*Extracted entries*.
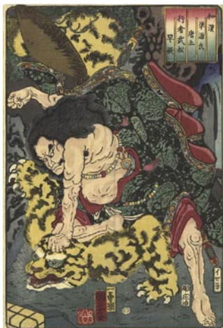
570 国芳 和漢準源氏唐土行者武松早厥 刷良 保存良 中折レ 安政2年 (1855) 35,000 円
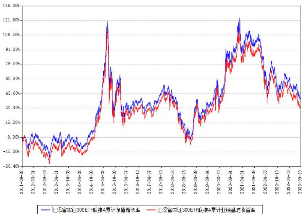
汇添富深证300ETF联接A累计净值增长率与同期业绩基准收益率对比图
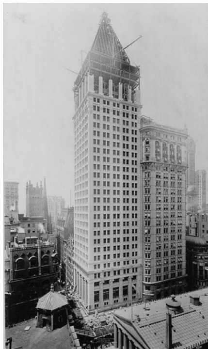
Gebäude der Bankers Trust Co. im Bau, New York, 20.6.1911.
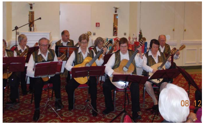
Das Hamburger Mandolinorchester
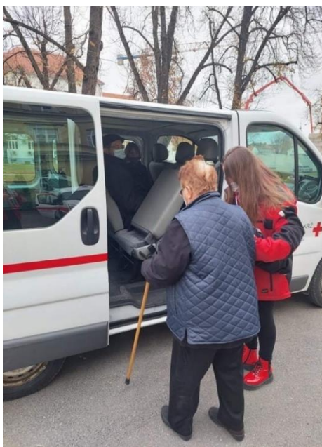
Slika 52 Usluga prijevoza korisnika
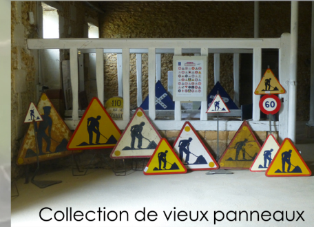
Collection de vieux panneaux

*What the task asks*. Pictures aside, set down the lines from the one containing "Slika 52 Usluga prijevoza korisnika" through the end of the records above, exactly and only those.

*Response area*.
Slika 52 Usluga prijevoza korisnika
Collection de vieux panneaux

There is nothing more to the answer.